▶ [Work task]:
Reproduce the listing in full. Omit the pictures.

▶ [Given material]:
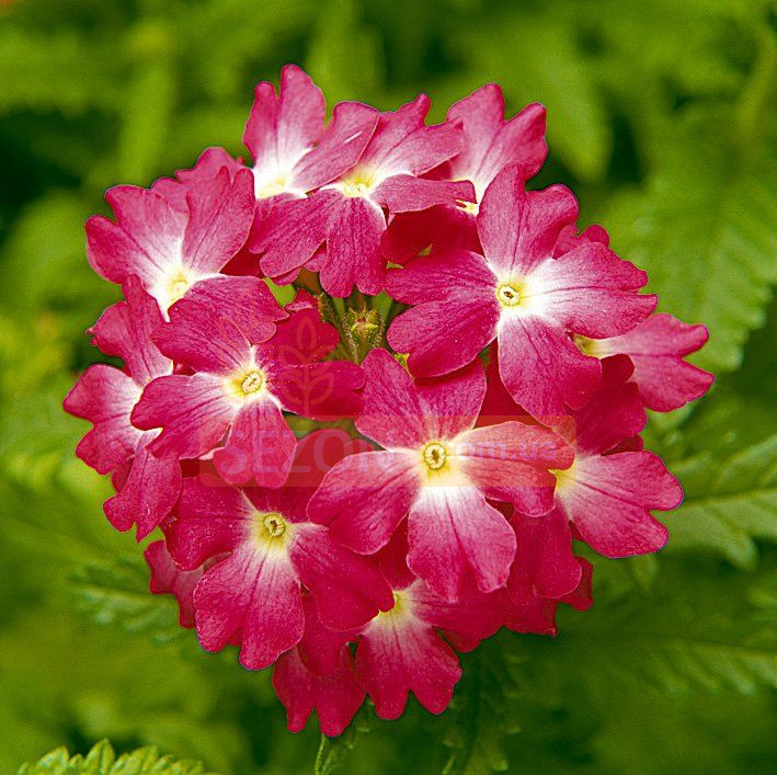 Вербена гибридная Обсешн F1 (Verbena hybrida Obsession F1). Очень однородная, ранняя и обильно цветущая серия, которая отличается высокой толерантностью к мучнистой росе. Куст компактный, высотой 15-20 см, шириной 25-30 см, прекрасно разветвленный, устойчив к вытягиванию. Серию можно выращивать в условиях высокой плотности культуры. Цветы большие, гвоздикообразные, с приятным ароматом, особенно вечером. Обильное цветение многочисленных боковых побегов удлиняет период декоративности. Время выращивания после посадки в горшки 8-10 недель. Светолюбивое, холодостойкое, достаточно засухоустойчивое растение, к почвам нетребовательное. Идеально подходит для продажи рассады. Используют как горшечную культуру, в подвесных кашпо и в цветочном оформлении открытого грунта. Хорошо растет в условиях оранжерей и зимних садов
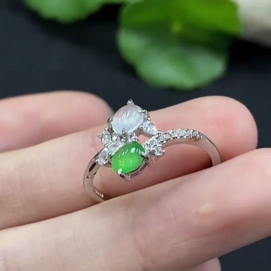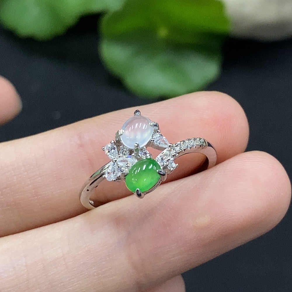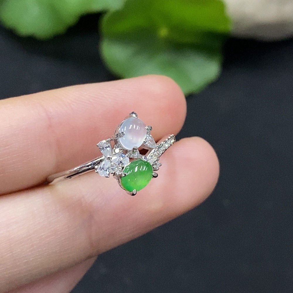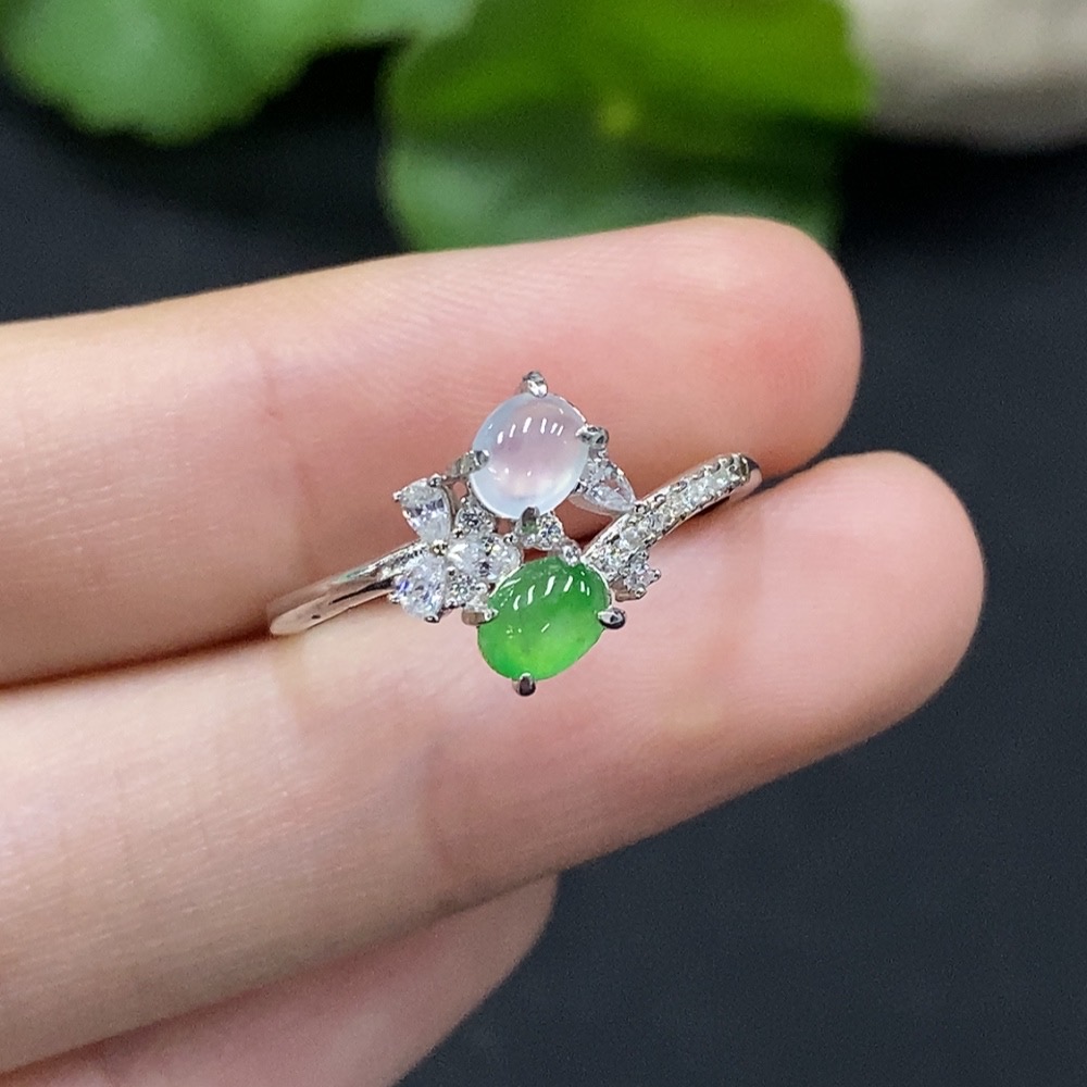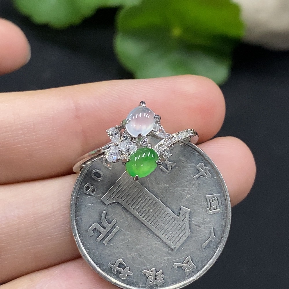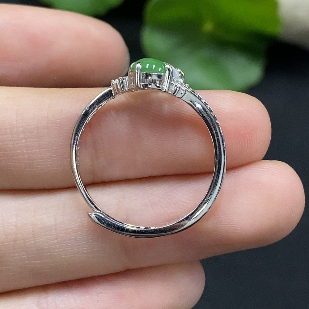 Jadeite Cabochon Inlaid Ring Non-Gold Setting Adjustable Total Weight Approx. 1.89g
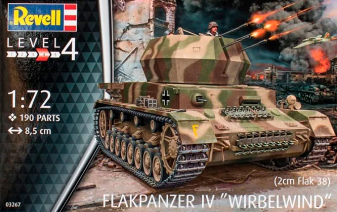 - Modelo de vehículo acorazado antiaéro alemán Wirbelwind, basado en el chásis del Panzer IV, en escala 1/72.
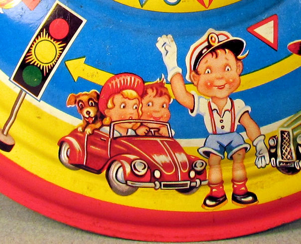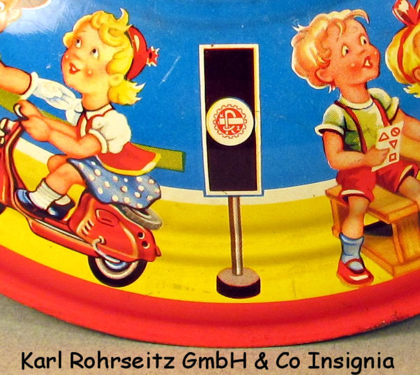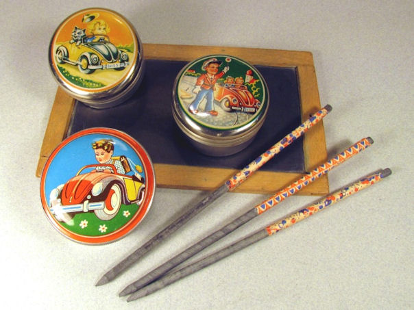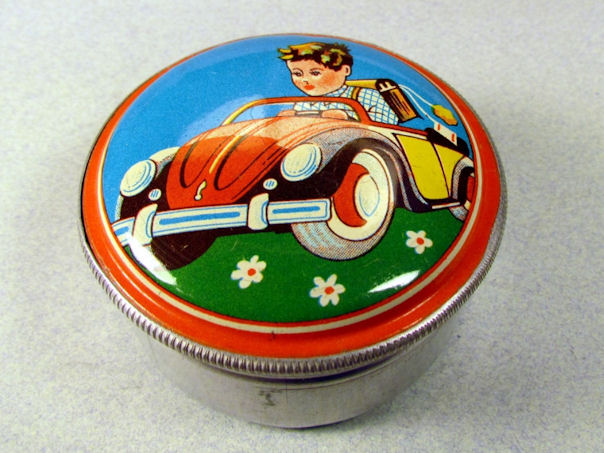 In the early WWII post war years, to conserve paper, German school children all had little blackboards and chalk-like markers to complete their math and handwriting assignments. The well-equipped student also had a cloth and a little aluminum tin with a screw on top that were called a schwammdose. Inside the schwammdose was a wet sponge to erase and clean the blackboard. These schwammdoses came with a variety of themes for boys and girls and had various lithograph designs with everything from clowns to cowboys on the lid. But, lucky for VW collectors, some of them came with a Vintage Volkswagen theme and kids enjoying their VW Beetle Cabrio's lithographed on the schwammdose lid. There are no markings on these three VW Cabrio schwammdoses. From comparing them to other spardoses of the same time period, especially the lithograph artwork, they were definitely produced in the late 1940s - early 1950s and the manufacturer was no doubt Karl Rohrseitz GmbH & Co located in Zirndorf, Germany.

▶ [Output for this exercise]:
 Вербена гибридная Обсешн F1 (Verbena hybrida Obsession F1). Очень однородная, ранняя и обильно цветущая серия, которая отличается высокой толерантностью к мучнистой росе. Куст компактный, высотой 15-20 см, шириной 25-30 см, прекрасно разветвленный, устойчив к вытягиванию. Серию можно выращивать в условиях высокой плотности культуры. Цветы большие, гвоздикообразные, с приятным ароматом, особенно вечером. Обильное цветение многочисленных боковых побегов удлиняет период декоративности. Время выращивания после посадки в горшки 8-10 недель. Светолюбивое, холодостойкое, достаточно засухоустойчивое растение, к почвам нетребовательное. Идеально подходит для продажи рассады. Используют как горшечную культуру, в подвесных кашпо и в цветочном оформлении открытого грунта. Хорошо растет в условиях оранжерей и зимних садов
 Jadeite Cabochon Inlaid Ring Non-Gold Setting Adjustable Total Weight Approx. 1.89g
 - Modelo de vehículo acorazado antiaéro alemán Wirbelwind, basado en el chásis del Panzer IV, en escala 1/72.
 In the early WWII post war years, to conserve paper, German school children all had little blackboards and chalk-like markers to complete their math and handwriting assignments. The well-equipped student also had a cloth and a little aluminum tin with a screw on top that were called a schwammdose. Inside the schwammdose was a wet sponge to erase and clean the blackboard. These schwammdoses came with a variety of themes for boys and girls and had various lithograph designs with everything from clowns to cowboys on the lid. But, lucky for VW collectors, some of them came with a Vintage Volkswagen theme and kids enjoying their VW Beetle Cabrio's lithographed on the schwammdose lid. There are no markings on these three VW Cabrio schwammdoses. From comparing them to other spardoses of the same time period, especially the lithograph artwork, they were definitely produced in the late 1940s - early 1950s and the manufacturer was no doubt Karl Rohrseitz GmbH & Co located in Zirndorf, Germany.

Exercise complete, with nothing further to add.